Yurisbel Gracial Garcia (born 14 October 1985) is a Cuban baseball player who is a free agent. He played in the Cuban National Series for the Cocodrilos de Matanzas and with the Fukuoka SoftBank Hawks of Nippon Professional Baseball.

Career

Québec Capitales
Gracial served in the Cuban military before playing for Matanzas in the Cuban National Series. In 2016, Gracial played for the Québec Capitales of the Canadian American Association of Professional Baseball, slashing .320/.376/.476 with 9 home runs and 58 RBI. He signed back with the club in 2017, and batted .333/.399/.524 with 13 home runs and 65 RBI. Gracial was released by Québec prior to the 2018 season.

Fukuoka SoftBank Hawks
In 2018, Gracial signed with the Fukuoka SoftBank Hawks of Nippon Professional Baseball's Pacific League. In 2018 season, he finished the regular season in 54 games with a batting average of .292, a 9 home runs, and a RBI of 30. And he participated in the 2018 Japan Series.

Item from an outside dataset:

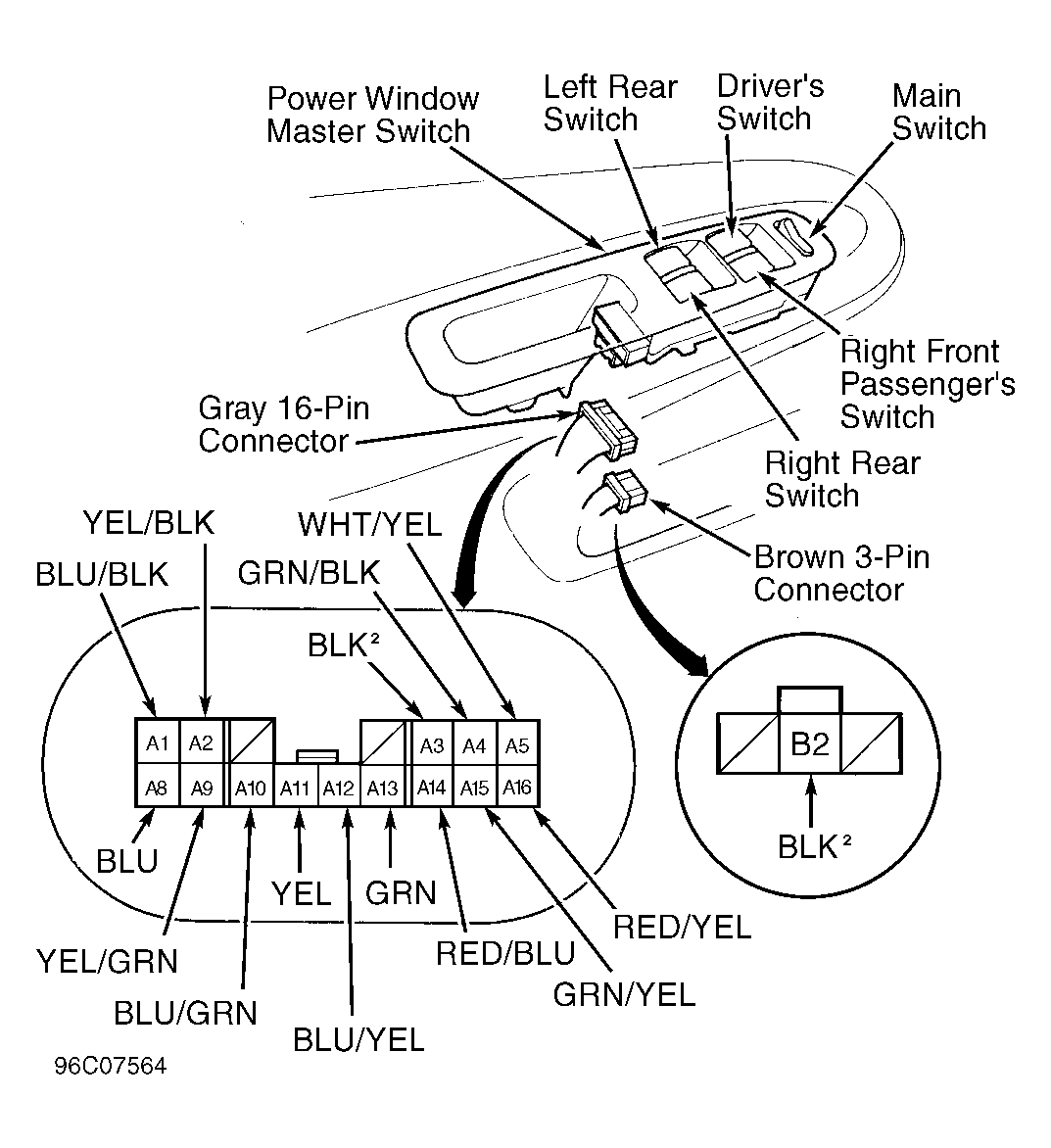 . If inputs tests are normal and driver's power window switch does not operate properly, replace power window master switch assembly.

Gracial re-signed with the Hawks for the 2019 season.  He batted 6-for-16 (.375) with three home runs and six RBIs in the 2019 Japan Series and won the Japan Series Most Valuable Player Award. Gracial finished the regular season in 103 games with a batting average of .319, a 28 home runs, and a RBI of 68.

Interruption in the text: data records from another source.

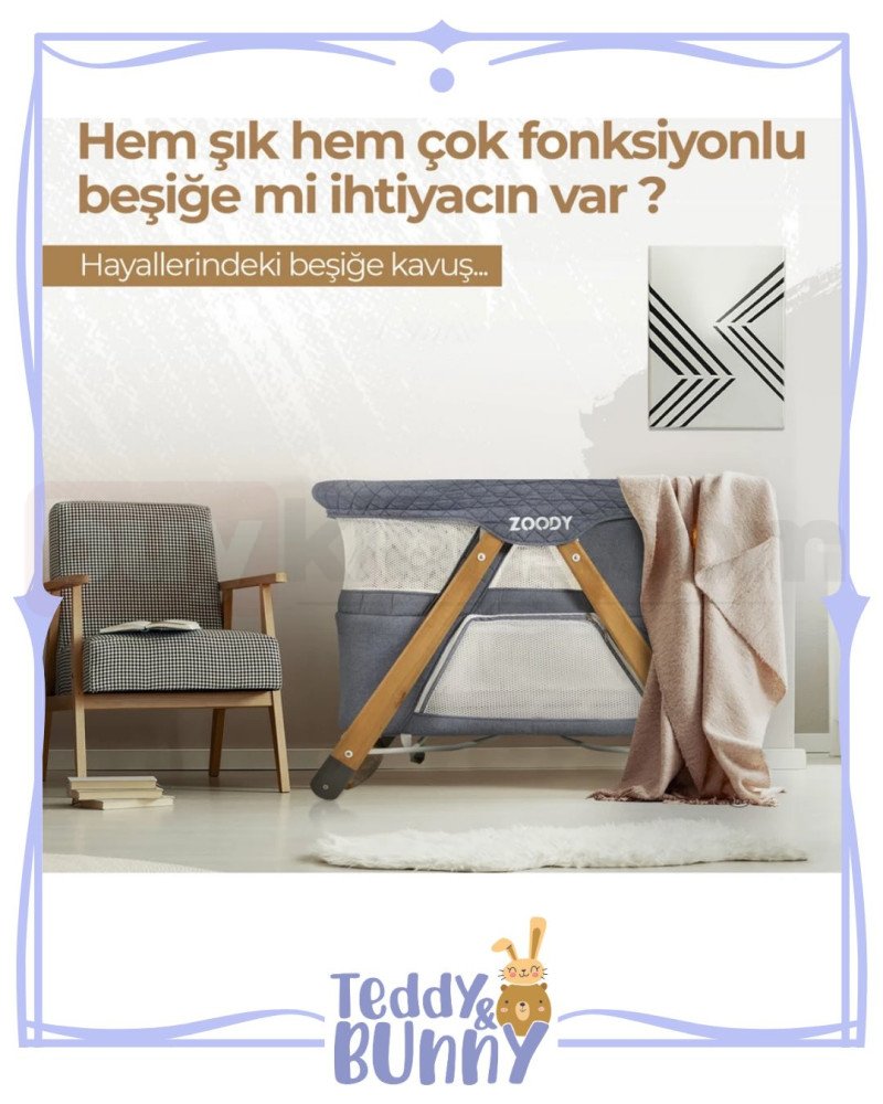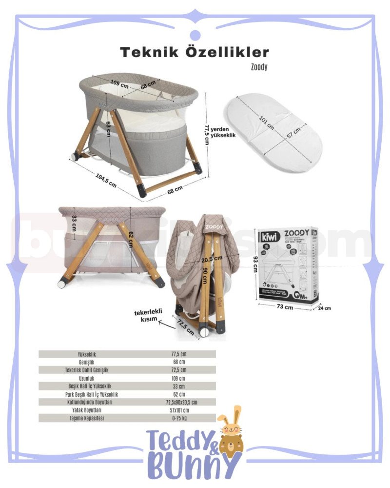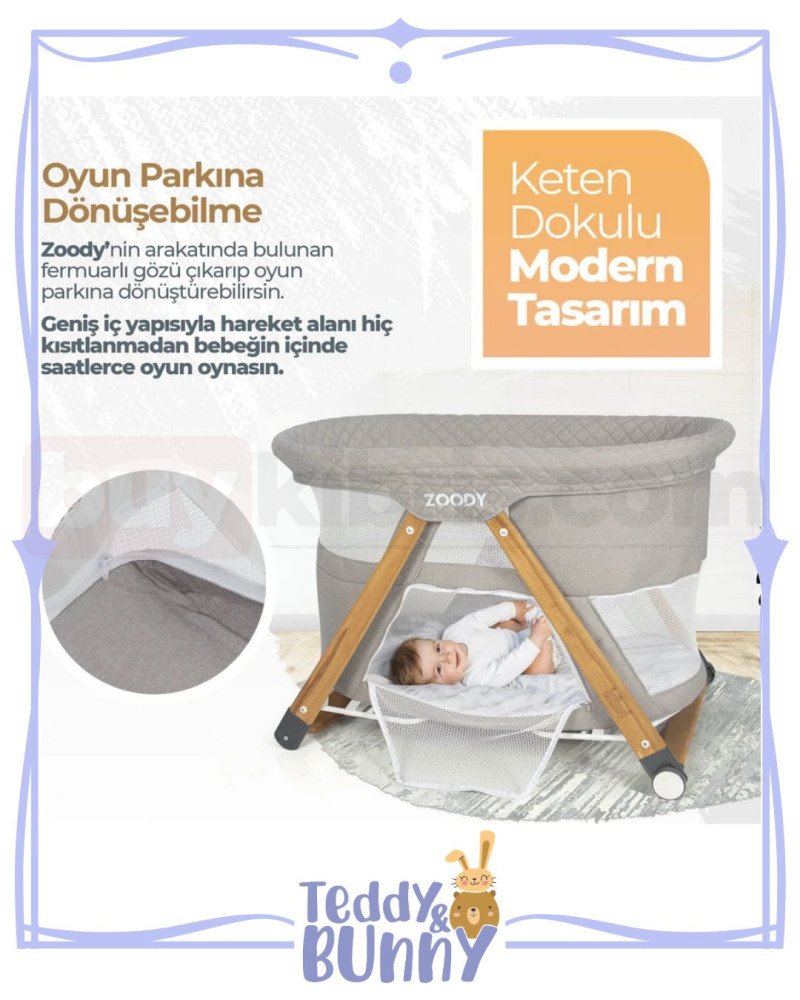 Bebeklerin ve çocukların konforlu ve güvenli bir şekilde zaman geçirebileceği, benzersiz bir tasarıma sahip Kiwi Zoody oyun parkı beşik ile tanışın! Bu çok fonksiyonlu ürün, bebek beşiği ve oyun parkı olarak kullanılabilen özellikleri ile öne çıkıyor.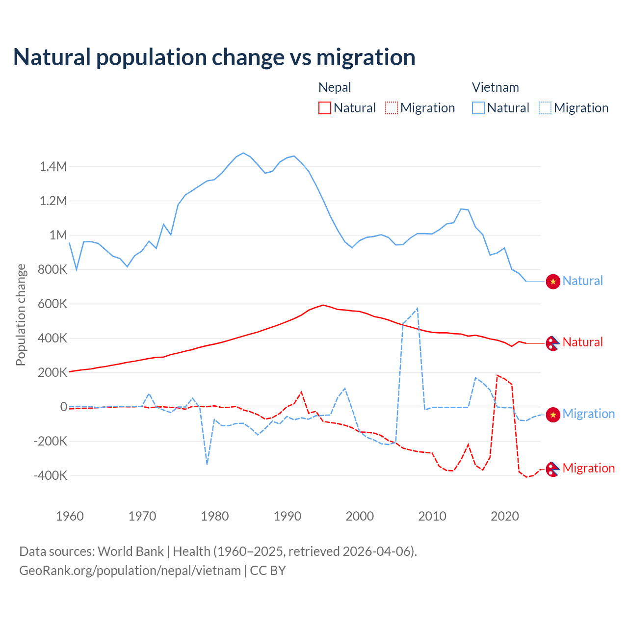 Over the last 10 years, 67.9% of the population change in Nepal is from natural causes (a gain of 3,909,749 people) and 32.1% is from migration (a loss of 1,851,664 people). In Vietnam 97.7% is from natural causes (a gain of 9,349,756 people) and 2.29% is from migration (a gain of 219,073 people).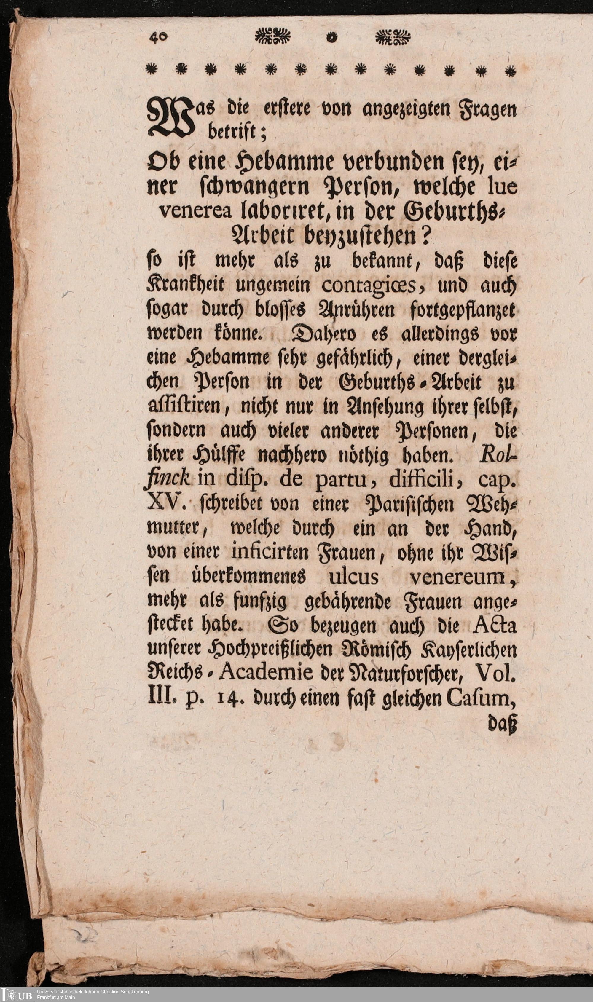 Na 31 Nachlass Johann Christian Senckenberg, 296 - Hebammen-Ordnung von Adam Lonuicerus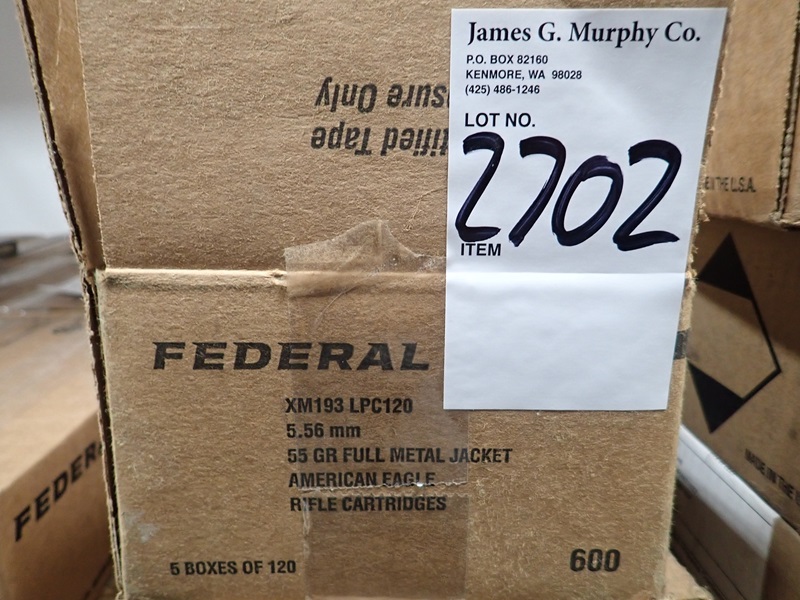 CASE OF (600) ROUNDS OF FEDERAL AMERICAN EAGLE XM 193 LPC 120 5.56 55 GR FMJ AMMO

On January 22, 2020, Gracial signed a new two-year contract with Fukuoka SoftBank Hawks. However, due to the influence of the COVID-19 pandemic, he was unable to leave Cuba and was able to come to Japan on July 19. In 2020 season, Gracial finished the regular season in 69 games with a batting average of .277, 10 home runs and a RBI of 35. In the 2020 Japan Series against the Yomiuri Giants, Gracial contributed to the team's fourth consecutive Japan Series champion with two hits in Game 1, a home run in Game 2, and an RBI hit in Game 3.

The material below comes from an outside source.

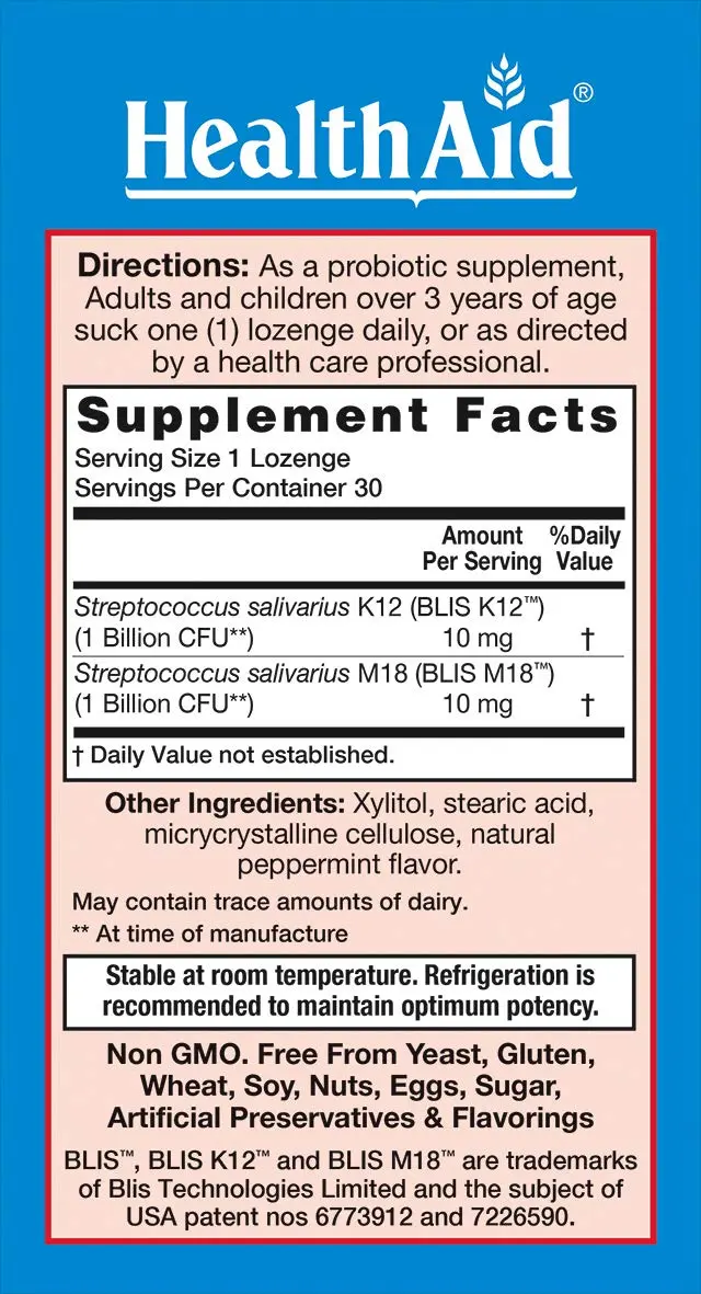 • Active Ingredients: Blis K12, Blis M18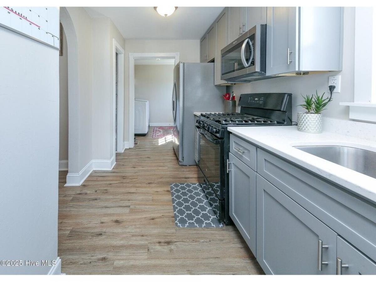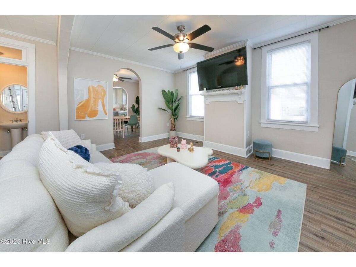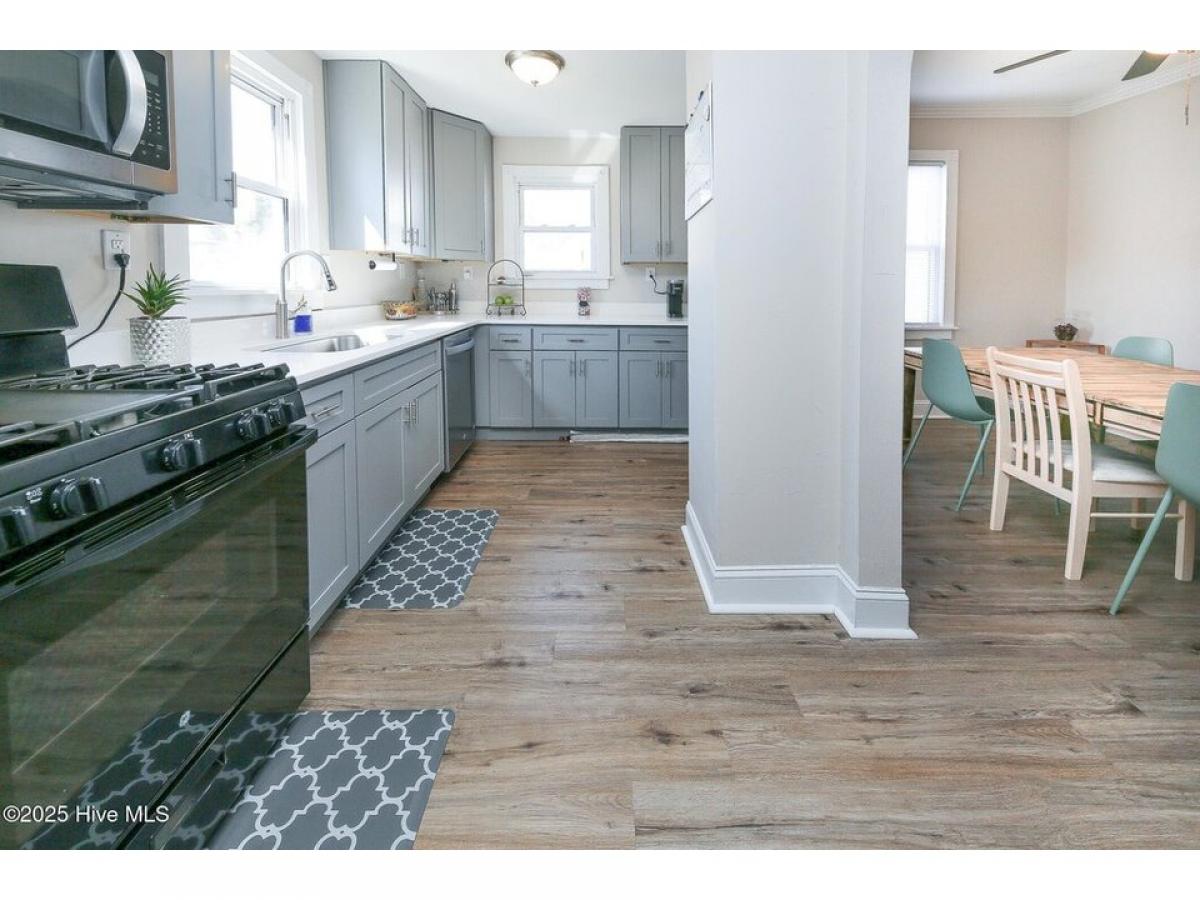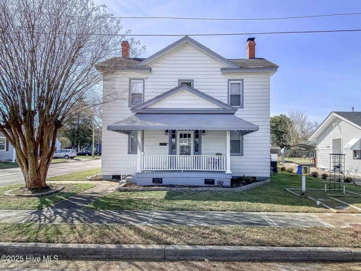Picture yourself in this charming historic home located on a spacious corner lot in the historic district of Elizabeth City, within walking distance of the restaurants, breweries, and specialty shops the downtown area offers. Southern charm welcomes you, from the front porch to the elegant arches of this beautifully updated home. It features spacious rooms and neutral interiors, ready for your personal touch. Updated flooring has been installed throughout. The primary bedroom is conveniently located on the first floor and includes a sitting area and a walk-through closet that leads to the en-suite bathroom, which boasts a whirlpool soaking tub. A modern kitchen design setup with stainless/black appliances, a 5 burner gas range amp; a built in pantry space. A patio courtyard is nestled between the house and the detached building, inviting you to create your ideal atmosphere. You can design it to include an outdoor kitchen and dining area, a dedicated lounging and seating area, a container garden, or a combination of all three. Enhance this outdoor space by adding an umbrella or shade sail, and enjoy the pleasant North Carolina climate throughout the year. The detached building is currently used for storage, but a simple modification could restore it to its original design as a garage. Are you looking for a historic home with modern amenities and easy access to local activities? This property is a must-see; don#039;t miss out!

In 2021 season, Gracial had been hitting well with a .305 batting average, five home runs, and 15 runs batted in, but on May 8, while reaching base as a runner against the Saitama Seibu Lions, he made contact with second baseman Nien-Ting Wu, breaking the ring finger on his right hand and making a long rehabilitation period inevitable. He ended up finishing the season as he did, playing only 37 games.

In 2022 season, Gracial had been in the starting lineup for all of the opening games but was benched on June 25 due to a sore left wrist. Also on the 27th he tested positive for COVID-19 and was removed from the first team registration according to regulations. On July 20, he was re-registered and played a pinch-hitter against the Tohoku Rakuten Golden Eagles. On July 27, he himself played in his second time All-Star game, the My navi All-Star Game 2022. He finished the regular season with a disappointing .271 batting average, seven home runs, and 30 runs batted in in 99 games, due in part to his removed from the first team registration from COVID-19. He became a free agent after the 2022 season.

International career
In 2017, Gracial was elected to the Cuba national baseball team at the 2017 World Baseball Classic.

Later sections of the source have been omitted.